What is being asked: While you copy the lines below, skip the pictures and keep the rest exact.

Provided material:
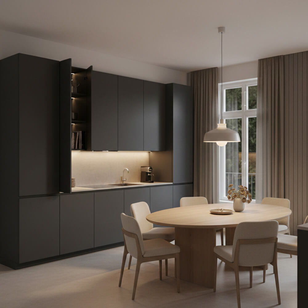 In kleinen Räumen sind multifunktionale Möbel der Schlüssel. Eine verlängerte Arbeitsplatte an der Küchenzeile kann als kompakter Esstisch dienen. Helle Fronten und deckenhohe Schränke lassen den Bereich größer wirken. Klapptische bieten volle Flexibilität, wenn Gäste kommen.
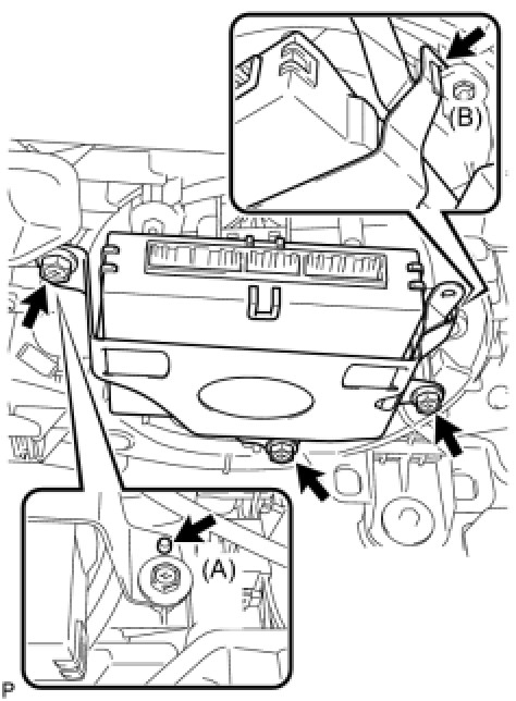 - Securely engage hook (B) of the skid control ECU with the blower assembly.
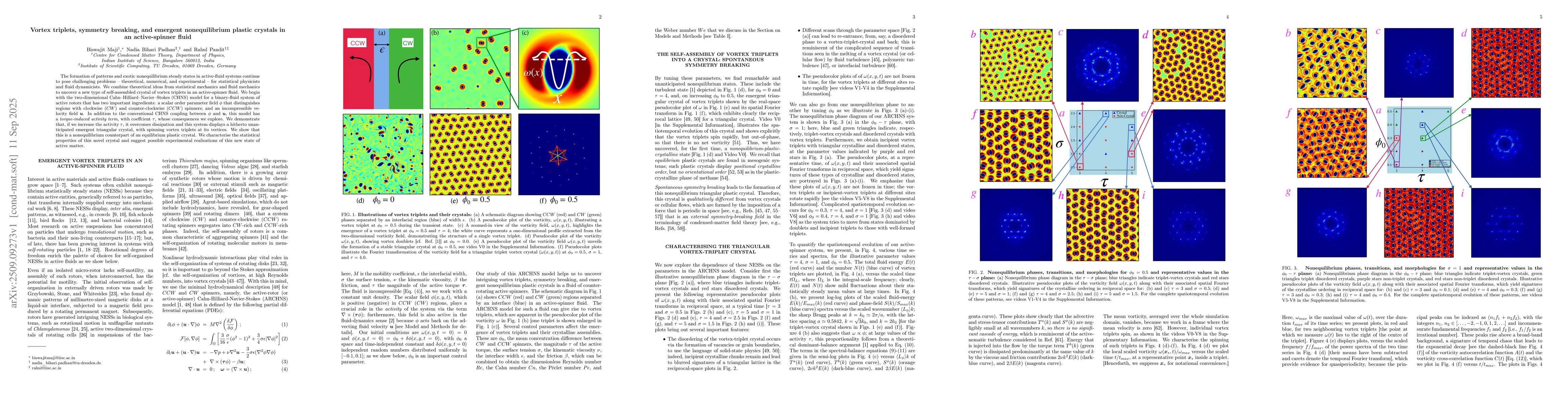 The formation of patterns and exotic nonequilibrium steady states in active-fluid systems continues to pose challenging problems -- theoretical, numerical, and experimental -- for statistical physicists and fluid dynamicists. We combine theoretical ideas from statistical mechanics and fluid mechanics to uncover a new type of self-assembled crystal of vortex triplets in an active-spinner fluid. We begin with the two-dimensional Cahn-Hilliard-Navier-Stokes (CHNS) model for a binary-fluid system of active rotors that has two important ingredients: a scalar order parameter field phi that distinguishes regions with clockwise (CW) and counter-clockwise (CCW) spinners; and an incompressible velocity field u. In addition to the conventional CHNS coupling between phi and u, this model has a torque-induced activity term, with coefficient tau, whose consequences we explore. We demonstrate that, if we increase the activity tau, it overcomes dissipation and this system displays a hitherto unanticipated emergent triangular crystal, with spinning vortex triplets at its vertices. We show that this is a nonequilibrium counterpart of an equilibrium plastic crystal. We characterise the statistical properties of this novel crystal and suggest possible experimental realisations of this new state of active matter.

Answer section:
 In kleinen Räumen sind multifunktionale Möbel der Schlüssel. Eine verlängerte Arbeitsplatte an der Küchenzeile kann als kompakter Esstisch dienen. Helle Fronten und deckenhohe Schränke lassen den Bereich größer wirken. Klapptische bieten volle Flexibilität, wenn Gäste kommen.
 - Securely engage hook (B) of the skid control ECU with the blower assembly.
 The formation of patterns and exotic nonequilibrium steady states in active-fluid systems continues to pose challenging problems -- theoretical, numerical, and experimental -- for statistical physicists and fluid dynamicists. We combine theoretical ideas from statistical mechanics and fluid mechanics to uncover a new type of self-assembled crystal of vortex triplets in an active-spinner fluid. We begin with the two-dimensional Cahn-Hilliard-Navier-Stokes (CHNS) model for a binary-fluid system of active rotors that has two important ingredients: a scalar order parameter field phi that distinguishes regions with clockwise (CW) and counter-clockwise (CCW) spinners; and an incompressible velocity field u. In addition to the conventional CHNS coupling between phi and u, this model has a torque-induced activity term, with coefficient tau, whose consequences we explore. We demonstrate that, if we increase the activity tau, it overcomes dissipation and this system displays a hitherto unanticipated emergent triangular crystal, with spinning vortex triplets at its vertices. We show that this is a nonequilibrium counterpart of an equilibrium plastic crystal. We characterise the statistical properties of this novel crystal and suggest possible experimental realisations of this new state of active matter.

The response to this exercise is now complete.